▸ DATA IN THIS EXERCISE
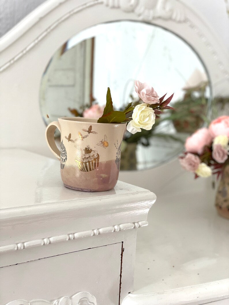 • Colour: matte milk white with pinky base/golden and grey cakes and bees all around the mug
* * *
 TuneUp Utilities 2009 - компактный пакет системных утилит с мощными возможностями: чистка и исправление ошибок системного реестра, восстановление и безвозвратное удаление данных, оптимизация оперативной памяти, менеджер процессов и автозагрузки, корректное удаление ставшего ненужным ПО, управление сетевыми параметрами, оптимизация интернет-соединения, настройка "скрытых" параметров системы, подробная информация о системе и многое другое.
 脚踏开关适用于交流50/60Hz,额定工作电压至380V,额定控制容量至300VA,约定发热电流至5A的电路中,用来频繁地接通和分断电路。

▸ TASK ITEM
Search the listing above for the lines with "TuneUp Utilities 2009" and "脚踏开关适用于交流50/60", then output those lines and all lines between them exactly.

▸ FINISHED TASK
 TuneUp Utilities 2009 - компактный пакет системных утилит с мощными возможностями: чистка и исправление ошибок системного реестра, восстановление и безвозвратное удаление данных, оптимизация оперативной памяти, менеджер процессов и автозагрузки, корректное удаление ставшего ненужным ПО, управление сетевыми параметрами, оптимизация интернет-соединения, настройка "скрытых" параметров системы, подробная информация о системе и многое другое.
 脚踏开关适用于交流50/60Hz,额定工作电压至380V,额定控制容量至300VA,约定发热电流至5A的电路中,用来频繁地接通和分断电路。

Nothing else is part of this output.